* **INSTRUCTIONS TO FOLLOW**: Given the records underneath, please repeat exactly the lines from the line with "this was all" through the line with "Arsa - Baju", passing over any picture.

═════ SUPPLIED RECORDS ═════

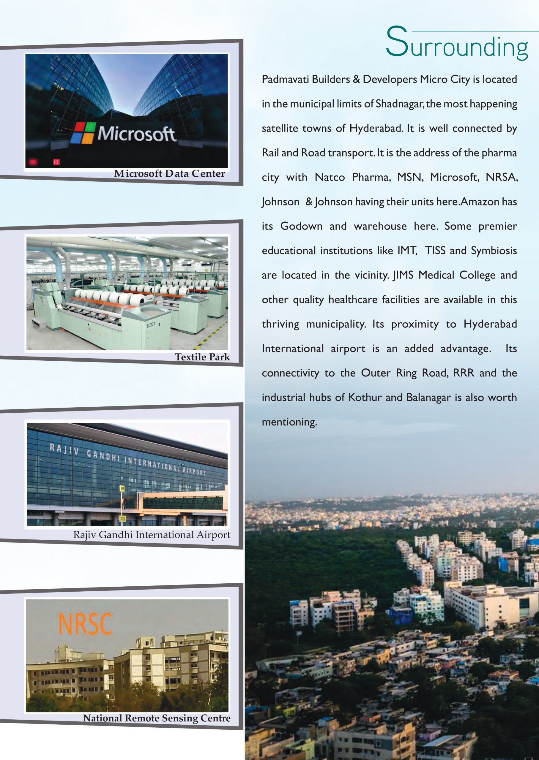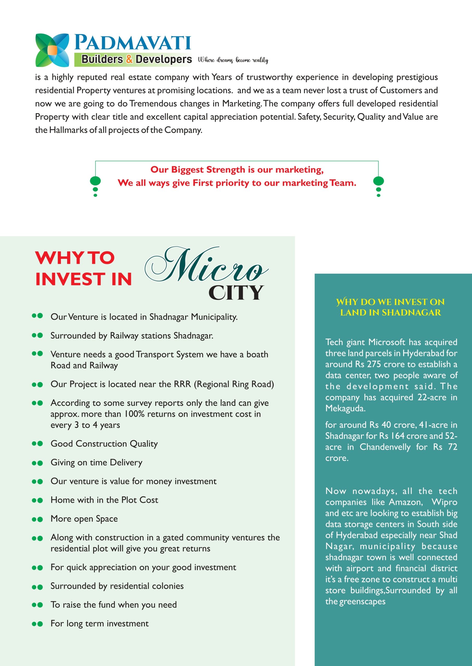 "Invest in Micro CITY, Shadnagar – where quality meets growth. With tech giants like Microsoft investing nearby, enjoy excellent returns, modern infrastructure, and on-time delivery. Your dream home and smart investment start here!"
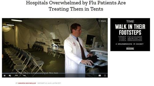 this was all more media stunt than reality. i could show you a dozen stories of patients being treated in tents in NYC, LA, and who knows how many other cities, but they all come from the 2018 flu season. amusingly enough, i did show these things last year and had it get picked up nationally back when bad kitties were allowed on the bullying bluebird and still got invited to fight club (link to zero hedge article). sadly, nothing has changed.
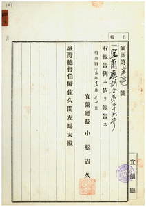 宜蘭廳訓令第二十六號四十年宜蘭廳訓令第十六號廢止ノ件
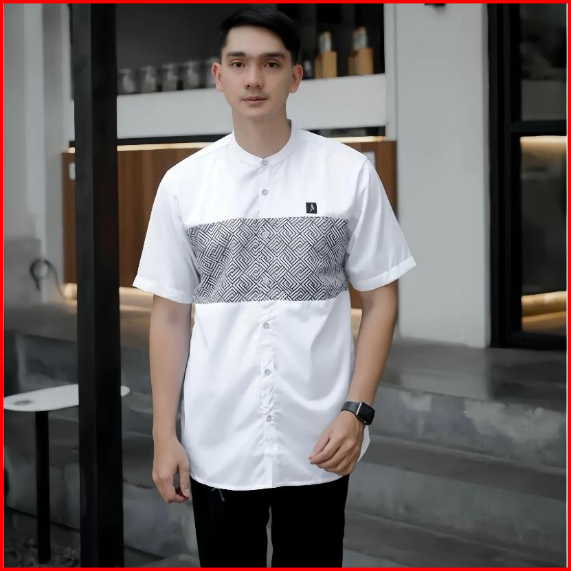 Arsa - Baju Koko Excellent Pria Lengan Pendek Baju Koko Kurta Pakistan Kombinasi Simpel Elegan
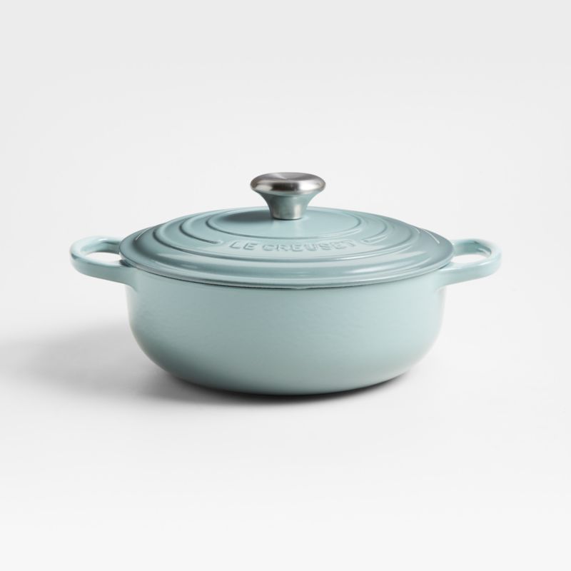 Perfectly proportioned for preparing one-pot meals, this wide-bottomed cast iron sauteuse oven braises chicken thighs, simmers sauces and bakes loaves of bread. Clad in a serene green-grey inspired by sea salt, the enameled pan boasts a non-reactive interior that resists stains, prevents sticking and encourages caramelization. Strong handles provide a sturdy grip as you transfer the lidded sauteuse from stovetop to oven to table for a timeless presentation of sides, stews or entrees.

═════

* **TASK ANSWER**:
 this was all more media stunt than reality. i could show you a dozen stories of patients being treated in tents in NYC, LA, and who knows how many other cities, but they all come from the 2018 flu season. amusingly enough, i did show these things last year and had it get picked up nationally back when bad kitties were allowed on the bullying bluebird and still got invited to fight club (link to zero hedge article). sadly, nothing has changed.
 宜蘭廳訓令第二十六號四十年宜蘭廳訓令第十六號廢止ノ件
 Arsa - Baju Koko Excellent Pria Lengan Pendek Baju Koko Kurta Pakistan Kombinasi Simpel Elegan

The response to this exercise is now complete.